* [EXERCISE GOAL] Your job is to print, exactly, the lines in the data below from the line with "Это платье из" through the line with "4. 5. 6. 7. 8.", both included, and to omit any picture.

* [PROVIDED INFORMATION]
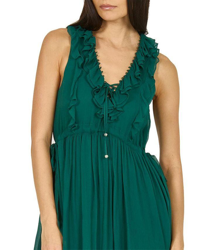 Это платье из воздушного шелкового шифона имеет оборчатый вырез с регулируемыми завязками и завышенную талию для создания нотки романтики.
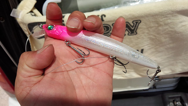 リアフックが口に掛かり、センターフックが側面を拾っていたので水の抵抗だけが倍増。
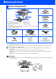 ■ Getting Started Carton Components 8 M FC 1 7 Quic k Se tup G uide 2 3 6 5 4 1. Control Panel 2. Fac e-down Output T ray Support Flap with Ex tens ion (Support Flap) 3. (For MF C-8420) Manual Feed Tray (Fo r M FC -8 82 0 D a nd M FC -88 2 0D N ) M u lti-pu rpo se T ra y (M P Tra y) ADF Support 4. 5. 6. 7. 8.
...
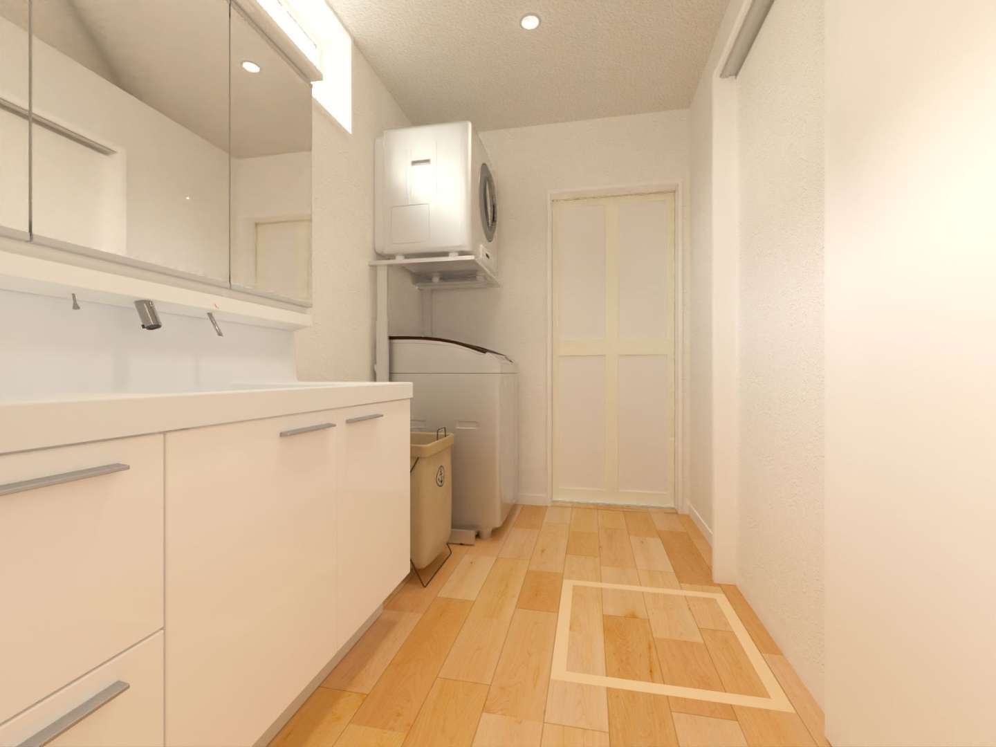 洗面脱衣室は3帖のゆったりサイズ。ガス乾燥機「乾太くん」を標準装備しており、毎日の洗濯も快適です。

* [OUTPUT FOR THIS EXERCISE]
 Это платье из воздушного шелкового шифона имеет оборчатый вырез с регулируемыми завязками и завышенную талию для создания нотки романтики.
 リアフックが口に掛かり、センターフックが側面を拾っていたので水の抵抗だけが倍増。
 ■ Getting Started Carton Components 8 M FC 1 7 Quic k Se tup G uide 2 3 6 5 4 1. Control Panel 2. Fac e-down Output T ray Support Flap with Ex tens ion (Support Flap) 3. (For MF C-8420) Manual Feed Tray (Fo r M FC -8 82 0 D a nd M FC -88 2 0D N ) M u lti-pu rpo se T ra y (M P Tra y) ADF Support 4. 5. 6. 7. 8.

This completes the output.